Da ich zu müde war fürs hochladen, wollt ich das eigentlich heut morgen machen. Also Rechner runtergefahren. Allerdings ist dann bei den Windows Updates meine Sicherung durchgebrannt und der Rechner war natürlich aus.
Wenn ich ihn jetzt wieder hochfahren will, bleibt der Monitor schwarz, anstatt das er mir die verschiedenen User Accounts zeigt. Die Maus ist auch sichtbar, genau wie der *Windows XP* Ladebildschirm davor.
Hat jemand evtl. eine Idee, was ich tun kann?
Sicherheitskopien hab ich mir noch keine gemacht, da der Rechner nichtmal eine Woche alt ist und ich bisher eigentlich nie größere Probleme hatte und gehofft hatte, ich könne die heute machen.



mfg,
flausch1990

Vielen lieben dank schonmal für jeden Rat.


edit:
evtl. wichtiges:
Hab XP
"Als letzte bekannte Konfiguration" führt mich auch nur zu einem schwarzen Bildschirm. Abgesicherter Modus genau das selbe.
CD Laufwerk startet zu dem Zeitpunkt noch nicht
Komme nur in BIOS - kenne mich aber leider mit Phoenix trusted core nicht aus.


----------



## Arosk (15. März 2011)

Mal versuchen im abgesicherten Modus zu booten, ggf. mit Windows CD.


----------



## flausch1990 (15. März 2011)

Geht leider auch nicht, der bildschirm ist genauso, nur das in den Ecken noch abgesicherter Modus steht.
War eine meiner ersten Ideen (eigentlich die einzige, neben allen Kabeln überprüfen).


----------



## Arosk (15. März 2011)

Dann Windows CD rein und Reparatur versuchen.


----------



## flausch1990 (15. März 2011)

Nagut, danke.
Dann werd ich morgen direkt mal zum used PC-Shop fahren und schauen,dass ich eine bekomme.


----------



## Malt (15. März 2011)

evtl. mal den Rechner in der letzten bekannten konfiguration hochfahren ? *weiter grübelt*


----------



## flausch1990 (15. März 2011)

Bleibt leider genau so.


----------



## flausch1990 (16. März 2011)

Arosk schrieb:


> Dann Windows CD rein und Reparatur versuchen.

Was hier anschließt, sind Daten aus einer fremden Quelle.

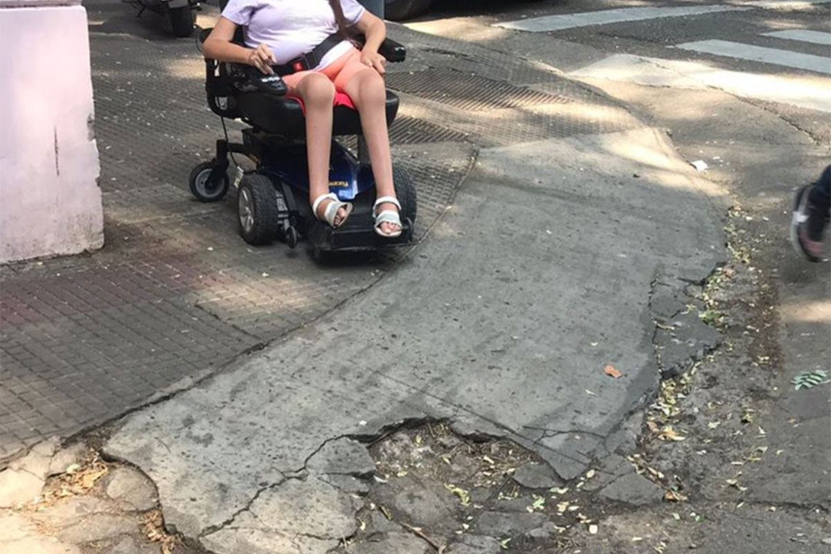 “Las veredas con baldosas flojas, lo que habla de la mala calidad de las obras que realizaron en los últimos años, y las tapas de servicios faltantes o que están rotas, dejan huecos que son muy peligrosos para el peatón. En relación a los vados de esquina, están rotos o tienen mucha inclinación, que también los hacen muy peligrosos para cruzar con sillas de ruedas. Se produce lo que nosotros llamamos una contrapendiente en la calle, producida por capas de asfalto que dificultan mucho los cruces”, enumera en diálogo con Tiempo María Rodríguez Romero, coordinadora de Políticas Publicas de Fundación Rumbos.

Hab ich probiert. Komm allerdings nur in Phoenix trusted sytems (BIOS) rein...
Der Startet die CD überhaupt nicht.
Und mit Phoenix kenn ich mich leider überhaupt nicht aus.


----------



## Rikkui (16. März 2011)

Ich nehm an du hast windows 7? drück ma beim hochfahren f8 da solltest dann mehrere optionen auswählen können die erste is glaub reparatur.
Ansonsten kannst glaub auch "als letzte bekannte konfiguration" wählen sollte normalerweise auch helfen
Als letzten möglichkeit was ich noch kenn is das du mit cmd startest und dort dann sfc /scannow eingibst


----------



## flausch1990 (16. März 2011)

Wie oben steht, hab ich XP ;-)
Werds gleich nochmal dicker unterstreichen.
CD starter der PC zu demZeitpunkt noch nicht, und die einzige Möglichkeit, die ich noch habe, ist BIOS. Wobei ich von dem Phoenix keine Ahnung hab.
"Als letzte bekannte Konfiguration" bringt mich leider zu genau dem selben Bildschirm.


----------



## Arosk (16. März 2011)

F8 drücken beim Booten, oder im BIOS die Boot Priorität umstellen, damit er das Laufwerk als erstes versucht zu booten (sollte aber standardmäßig schon so sein)


----------



## Rikkui (16. März 2011)

Dein Rechner ist keine Woche alt und hast XP? Oo
Wer vk sowas?^^


----------



## flausch1990 (16. März 2011)

Used PC Shop in Wiesbaden


----------



## Rikkui (16. März 2011)

"used pc shop" Benutzte PC's shop?^^


----------



## flausch1990 (16. März 2011)

Genau.
Aber außer dem Gehäuse ist eigentlich alles neu. Gehäuse ist das Standard Ding von Esprimo, das man in fast jedem Klassenzimmer/Burö findet. XP ist da nur drauf, weil das ein Geburtstagsgeschenk meines Vaters war. Der ist zu eizig für Vista oder 7. 


Edit1:
Gibt neues:
Hab die CD zum laufen bekommen!
Jetzt würd ich gern ganz normal die Rapair laufen lassen. Hängt auch nichtmehr am Administrator Passwort.
Allerdings gibt mir die Installation dann an "D:Windows" und dann die Konsole... ich weiß den Pfad allerdings nicht, da der Rechner zu neu dafür war.
Gibt es evtl. eine Möglichkeit, den Pfad jetzt noch zu finden? Oder weiß den evtl. sogar jemand? Hab noch nichts verstellt, müsste also theoretisch noch der original Pfad sein.

Edit2:
Oder soll ich einfach neu installieren? Gibt's da die Möglichkeit, dass die alten Daten (soweit möglich ALLE) erhalten bleiben? Kenn mich mit XP leider überhaupt nicht aus. Als das raus kam, war das noch die Zeit als ich das meinen alten Herrn immer hab machen lassen.

Edit3:
Okay, das mit fixboot und fixmbr hab ich hinbekommen, geklappt hats aber leider nicht. Ist noch genauso wie vorher.


----------



## flausch1990 (16. März 2011)

Edit: Sry fürDoppelpost, habs mal in den vorherigen gepackt.


----------